Contradicting official accounts that South Africa would on-sell the AstraZeneca vaccine to the AU "at no cost to the fiscus",  Mail  & Guardian reported that that government is planning to sell its AstraZeneca COVID-19 vaccine consignment to the AU or an associated body on the cheap, at almost half the price it originally paid for it.

M&G's Lizeka Tandwa and Chris Bateman write that "two sources with knowledge of the discussions say that President Cyril Ramaphosa has been in talks with the AU to offload the vaccines at a cheaper rate. Another source from the Treasury has also confirmed that the government has asked for advice. "

 

South Africa plans to share 1m AstraZeneca COVID-19 vaccine doses with other African countries, Reuters reports a senior official said. The country paused the rollout of AstraZeneca doses this month, after preliminary trial data showed they offered minimal protection against mild to moderate illness from the country’s dominant coronavirus variant.

It has been consulting with scientists about what to do with the AstraZeneca vaccine, switching to a plan to start inoculating healthcare workers with Johnson & Johnson's (J&J’s) alternative in a research study. The South African Medical Association (SAMA) said if the first shots arrived Tuesday as expected, then vaccinations could start on Wednesday. Eighty thousand J&J shots are expected initially, and up to 500,000 health workers could be immunised in total in the study.

SAMA chair Angelique Coetzee said vaccinations would happen at hospitals in each of the country’s nine provinces. Roughly two-thirds of the doses would go to public-sector health workers, and one-third to those in the private sector.

Anban Pillay, deputy director-general at the Health Department, said South Africa planned to share the 1m AstraZeneca doses it received at the start of the month from the Serum Institute of India (SII) via the AU. “The doses are going to be shared with countries on the continent … via the AU,” Pillay is quoted by Reuters as saying, adding that the government would look to recover money spent on the AstraZeneca vaccine but was still finalising how to do that.

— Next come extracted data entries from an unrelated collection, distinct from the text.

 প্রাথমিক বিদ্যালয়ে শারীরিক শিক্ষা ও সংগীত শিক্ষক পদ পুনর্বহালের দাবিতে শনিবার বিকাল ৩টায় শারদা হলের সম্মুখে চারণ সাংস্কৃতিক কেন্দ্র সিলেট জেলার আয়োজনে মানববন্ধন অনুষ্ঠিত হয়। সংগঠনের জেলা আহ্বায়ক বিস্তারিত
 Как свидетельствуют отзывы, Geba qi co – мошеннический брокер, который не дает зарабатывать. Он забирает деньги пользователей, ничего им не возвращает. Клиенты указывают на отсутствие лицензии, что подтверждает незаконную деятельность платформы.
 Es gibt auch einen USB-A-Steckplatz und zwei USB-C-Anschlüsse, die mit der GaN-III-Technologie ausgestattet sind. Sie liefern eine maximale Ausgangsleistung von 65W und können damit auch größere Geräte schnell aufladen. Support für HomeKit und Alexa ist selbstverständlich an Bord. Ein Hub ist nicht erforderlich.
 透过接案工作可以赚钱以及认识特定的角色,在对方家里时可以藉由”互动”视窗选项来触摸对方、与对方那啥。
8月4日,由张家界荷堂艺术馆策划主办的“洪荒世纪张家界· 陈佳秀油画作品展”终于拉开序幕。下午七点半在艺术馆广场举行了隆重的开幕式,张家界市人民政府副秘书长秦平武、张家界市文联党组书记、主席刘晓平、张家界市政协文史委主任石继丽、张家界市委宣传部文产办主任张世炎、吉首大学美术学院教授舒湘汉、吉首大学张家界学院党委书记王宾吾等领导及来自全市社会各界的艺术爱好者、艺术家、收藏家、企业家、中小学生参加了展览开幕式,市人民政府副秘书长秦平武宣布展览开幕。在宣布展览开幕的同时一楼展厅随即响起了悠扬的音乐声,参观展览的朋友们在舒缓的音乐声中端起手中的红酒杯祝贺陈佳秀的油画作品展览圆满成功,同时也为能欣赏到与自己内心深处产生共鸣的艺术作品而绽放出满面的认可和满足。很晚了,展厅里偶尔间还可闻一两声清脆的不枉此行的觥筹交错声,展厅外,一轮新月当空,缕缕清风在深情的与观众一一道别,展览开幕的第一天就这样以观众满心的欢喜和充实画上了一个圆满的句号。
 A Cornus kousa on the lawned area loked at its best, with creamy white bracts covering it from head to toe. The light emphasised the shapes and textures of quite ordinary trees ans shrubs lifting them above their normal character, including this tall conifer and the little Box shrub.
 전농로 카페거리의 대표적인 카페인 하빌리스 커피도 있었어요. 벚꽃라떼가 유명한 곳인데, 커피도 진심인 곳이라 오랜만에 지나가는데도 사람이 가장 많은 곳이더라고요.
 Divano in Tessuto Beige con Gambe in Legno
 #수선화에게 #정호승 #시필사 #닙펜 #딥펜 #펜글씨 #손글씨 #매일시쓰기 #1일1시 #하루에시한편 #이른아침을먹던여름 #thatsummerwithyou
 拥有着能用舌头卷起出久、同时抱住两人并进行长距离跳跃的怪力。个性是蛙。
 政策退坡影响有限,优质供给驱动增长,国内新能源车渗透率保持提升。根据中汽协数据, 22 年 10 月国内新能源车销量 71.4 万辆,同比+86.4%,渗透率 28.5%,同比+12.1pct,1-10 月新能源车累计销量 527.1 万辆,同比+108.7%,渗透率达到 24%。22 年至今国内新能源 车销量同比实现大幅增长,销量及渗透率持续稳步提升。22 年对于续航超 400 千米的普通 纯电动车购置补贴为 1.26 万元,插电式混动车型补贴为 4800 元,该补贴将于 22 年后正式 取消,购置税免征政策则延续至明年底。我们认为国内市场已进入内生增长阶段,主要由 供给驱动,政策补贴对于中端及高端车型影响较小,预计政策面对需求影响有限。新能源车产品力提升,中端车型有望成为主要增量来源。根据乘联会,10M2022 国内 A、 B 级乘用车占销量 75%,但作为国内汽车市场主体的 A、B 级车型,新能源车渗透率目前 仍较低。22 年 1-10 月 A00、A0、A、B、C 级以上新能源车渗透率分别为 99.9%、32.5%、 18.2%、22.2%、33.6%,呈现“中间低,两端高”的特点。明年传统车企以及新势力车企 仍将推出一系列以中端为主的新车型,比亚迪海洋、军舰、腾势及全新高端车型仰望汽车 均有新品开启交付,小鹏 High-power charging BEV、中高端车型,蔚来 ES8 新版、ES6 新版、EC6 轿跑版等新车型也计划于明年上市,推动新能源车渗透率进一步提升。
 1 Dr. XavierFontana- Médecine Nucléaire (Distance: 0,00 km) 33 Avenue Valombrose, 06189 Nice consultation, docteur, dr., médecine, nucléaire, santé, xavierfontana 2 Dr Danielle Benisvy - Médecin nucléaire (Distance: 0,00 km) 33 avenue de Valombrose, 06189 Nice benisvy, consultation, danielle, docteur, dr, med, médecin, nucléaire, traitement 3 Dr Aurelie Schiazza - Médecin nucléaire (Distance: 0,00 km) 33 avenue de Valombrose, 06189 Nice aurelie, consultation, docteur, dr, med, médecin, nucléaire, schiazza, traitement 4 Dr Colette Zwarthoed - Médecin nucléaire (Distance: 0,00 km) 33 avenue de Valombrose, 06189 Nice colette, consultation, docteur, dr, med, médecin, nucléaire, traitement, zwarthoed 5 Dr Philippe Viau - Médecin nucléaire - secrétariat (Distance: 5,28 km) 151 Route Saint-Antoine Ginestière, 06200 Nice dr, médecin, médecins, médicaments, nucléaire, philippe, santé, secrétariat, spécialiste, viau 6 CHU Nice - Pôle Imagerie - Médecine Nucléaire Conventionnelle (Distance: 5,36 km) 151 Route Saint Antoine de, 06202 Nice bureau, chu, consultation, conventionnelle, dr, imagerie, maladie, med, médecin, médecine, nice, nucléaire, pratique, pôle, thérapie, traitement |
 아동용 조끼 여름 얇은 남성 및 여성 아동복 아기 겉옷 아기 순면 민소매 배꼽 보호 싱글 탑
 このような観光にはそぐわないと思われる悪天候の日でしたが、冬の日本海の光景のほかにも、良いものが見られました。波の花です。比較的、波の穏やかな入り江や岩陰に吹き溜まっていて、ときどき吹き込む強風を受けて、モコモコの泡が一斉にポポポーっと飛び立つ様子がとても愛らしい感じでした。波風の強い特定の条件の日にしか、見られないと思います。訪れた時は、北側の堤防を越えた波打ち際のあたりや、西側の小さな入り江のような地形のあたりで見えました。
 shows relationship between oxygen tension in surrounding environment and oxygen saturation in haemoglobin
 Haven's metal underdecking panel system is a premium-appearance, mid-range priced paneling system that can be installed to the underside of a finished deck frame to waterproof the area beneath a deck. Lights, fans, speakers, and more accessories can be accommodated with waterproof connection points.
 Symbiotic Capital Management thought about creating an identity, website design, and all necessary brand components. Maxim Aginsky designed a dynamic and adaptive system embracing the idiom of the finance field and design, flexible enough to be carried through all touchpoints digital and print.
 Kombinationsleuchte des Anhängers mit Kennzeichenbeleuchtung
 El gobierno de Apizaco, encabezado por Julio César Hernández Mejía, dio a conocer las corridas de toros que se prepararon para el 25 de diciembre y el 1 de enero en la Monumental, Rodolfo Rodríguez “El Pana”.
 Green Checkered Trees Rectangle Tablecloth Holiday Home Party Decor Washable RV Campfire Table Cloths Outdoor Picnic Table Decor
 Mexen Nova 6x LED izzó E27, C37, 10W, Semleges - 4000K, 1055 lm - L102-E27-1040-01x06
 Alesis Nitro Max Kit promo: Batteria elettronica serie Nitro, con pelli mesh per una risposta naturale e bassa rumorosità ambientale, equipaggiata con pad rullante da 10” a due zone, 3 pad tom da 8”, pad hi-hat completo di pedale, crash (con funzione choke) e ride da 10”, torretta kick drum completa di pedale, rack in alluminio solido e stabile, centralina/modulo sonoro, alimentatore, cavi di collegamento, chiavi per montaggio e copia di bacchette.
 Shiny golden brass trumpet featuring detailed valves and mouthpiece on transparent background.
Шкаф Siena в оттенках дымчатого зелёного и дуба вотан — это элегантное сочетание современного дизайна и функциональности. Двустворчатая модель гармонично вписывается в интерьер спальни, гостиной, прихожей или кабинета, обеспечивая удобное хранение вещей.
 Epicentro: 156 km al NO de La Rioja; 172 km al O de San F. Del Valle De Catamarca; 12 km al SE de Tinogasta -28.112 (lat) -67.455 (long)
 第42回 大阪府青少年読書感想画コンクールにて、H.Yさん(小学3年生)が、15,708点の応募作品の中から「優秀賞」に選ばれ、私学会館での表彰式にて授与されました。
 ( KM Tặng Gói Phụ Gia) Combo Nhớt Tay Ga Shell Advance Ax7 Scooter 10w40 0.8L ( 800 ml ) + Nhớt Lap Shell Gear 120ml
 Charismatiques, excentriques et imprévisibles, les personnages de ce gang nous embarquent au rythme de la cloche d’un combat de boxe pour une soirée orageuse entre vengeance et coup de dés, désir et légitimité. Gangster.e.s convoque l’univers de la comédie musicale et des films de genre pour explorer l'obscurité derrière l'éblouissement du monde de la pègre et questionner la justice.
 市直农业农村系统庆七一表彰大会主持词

He said it was not true that South Africa had asked the Serum Institute to take back the doses, as reported by Indian newspaper The Economic Times.

The AU’s disease control body said last week it was not “walking away” from AstraZeneca’s vaccine but would target its use in countries that have not reported cases of the more contagious 501Y.V2 variant first identified in South Africa late last year. The AU said six countries other than South Africa had confirmed the variant was circulating, but there are concerns it has spread elsewhere.

AstraZeneca says it believes its two-dose vaccine protects against severe COVID-19 and that it has started adapting it to be more effective against the 501Y.V2 variant. J&J’s vaccine is administered in a single shot, an advantage given how complex a logistical exercise it will be for the government to reach its target of vaccinating 40m people.

South Africa’s health ministry said the manufacturers of Russia’s Sputnik V vaccine had submitted documentation to local medicines regulator the South African Health Products Regulatory Agency (SAHPRA) for registration. According to Reuters, the ministry said it was “continuously engaging” with the manufacturers of Sputnik V and that it had signed a non-disclosure agreement with China’s Sinopharm to receive more information about its vaccine.

It added that scientists were conducting detailed analyses on Sputnik V, following concerns about the effects of its Ad5 component on communities with a high prevalence of HIV.

SAHPRA did not immediately respond to a request for comment, the report said.

 

The government has been under immense pressure to decide what to do with the consignment because it expires on 30 April, leaving little time to administer the vaccines either in South Africa or elsewhere, reports Business Day.

Meanwhile, Pillay is quoted as saying that the 1m doses already received would be shared with other African nations via the AU at no cost to the fiscus. "We plan to recover our costs," he said.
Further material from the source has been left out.